The prediction of out-of-sample values is an interesting problem in any regression model. In the context of penalized smoothing using a mixed-model reparameterization, a general framework has been proposed for predicting in additive models but without interaction terms. The aim of this paper is to generalize this work, extending the methodology proposed in the multidimensional case, to models that include interaction terms, i.e., when prediction is carried out in a multidimensional setting. Our method fits the data, predicts new observations at the same time, and uses constraints to ensure a consistent fit or impose further restrictions on predictions. We have also developed this method for the so-called smooth-ANOVA model, which allows us to include interaction terms that can be decomposed into the sum of several smooth functions.
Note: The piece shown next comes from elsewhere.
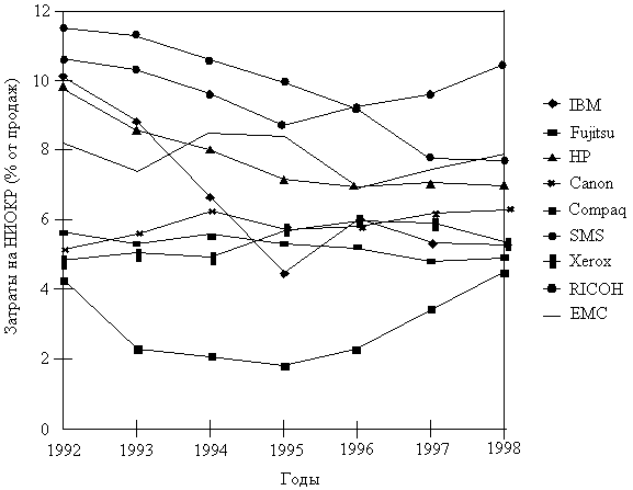 Результаты анализа по приведенным данным позволяют сделать следующие выводы: 1. Фирмы выделяют значительные объемы средств на проведение НИОКР (от 1% до 50% от объема продаж своей продукции). 2. Временные тренды (рис.6-13) показывают относительную устойчивость интенсивности НИОКР во времени большинства ведущих глобальных фирм. 3. Коэффициенты корреляции между объемами продаж и интенсивностью НИОКР в отдельных отраслях как правило имеют отрицательный знак, что свидетельствует о том, что интенсивность НИОКР выше у компаний, которые занимают худшую. конкурентную позицию, что косвенно свидетельствует о роли инноваций как орудия конкуренции. 4. В электронике и фармацевтике наблюдается значительная отрицательная корреляция интенсивности НИОКР и объемов продаж. В автомобилестроении, разработке программного обеспечения и в нефтяной промышленности наблюдается слабая корреляция, а в химической, аэрокосмической промышленностях и при разработке компьютерной техники она практически отсутствует. 5. Общий вывод: положение Портера о инновациях как главном инструменте глобальной конкуренции находит свое подтверждение в практике глобальных фирм в области НИОКР. 4.3. Анализ практики патентования крупнейших глобальных фирм Практика патентной деятельности отдельных компаний дает полезное представление о их стратегии в области НИОКР. Она отражает состояние технологического развития фирм и их конкурентов. Предыдущие исследования патентных трендов /23/ показали, что фирмы-резиденты США лидировали в инновациях во всех важных индустриальных сегментах за исключением химической промышленности. Изучение Портером и Бондом /28/ инновационного индекса за последние десять лет подтвердило это, хотя зазор между США и другими странами сокращается. Патентование – выход инновационной активности и средство защиты технологических преимуществ, важность которых при интернационализации экономической активности, как технологического конкурентного преимущества, увеличивается. Как любой индикатор итоги патентования имеют свои “ловушки”. Главные достоинства и недостатки использования патентования как индикатора технологического развития включают: Однако: В таблице 4.4 приведены данные ведущих компаний восьми наиболее представительных секторов промышленности по затратам на НИОКР, числу полученных патентов и отношению затрат на НИОКР на число патентов (патентная эффективность НИОКР) в 1998 г. Таблица 4.4 Основные характеристики патентной активности фирм в 1998 г.

We also develop this methodology for the so-called smooth-ANOVA models, which allow us to include interaction terms that can be decomposed as a sum of several smooth functions. To illustrate the method, two real data sets were used, one for predicting the mortality of the U.S. population in a logarithmic scale, and the other for predicting the aboveground biomass of Populus trees as a smooth function of height and diameter. We examine the performance of interaction and the smooth-ANOVA model through simulation studies.

Highlights

  • For more than twenty years, use of penalized splines with B-splines bases [1] has become one of the most popular smoothing techniques in many application fields, see [2] for a detailed review, and from a theoretical perspective [3,4].The possibility to reformulate a P-spline as a maximum likelihood estimator and best linear unbiased predictors (BLUPs) in a mixed model framework have led to a wider generalization of the method to longitudinal data, spatial smoothing, correlated errors and Bayesian approaches [5,6]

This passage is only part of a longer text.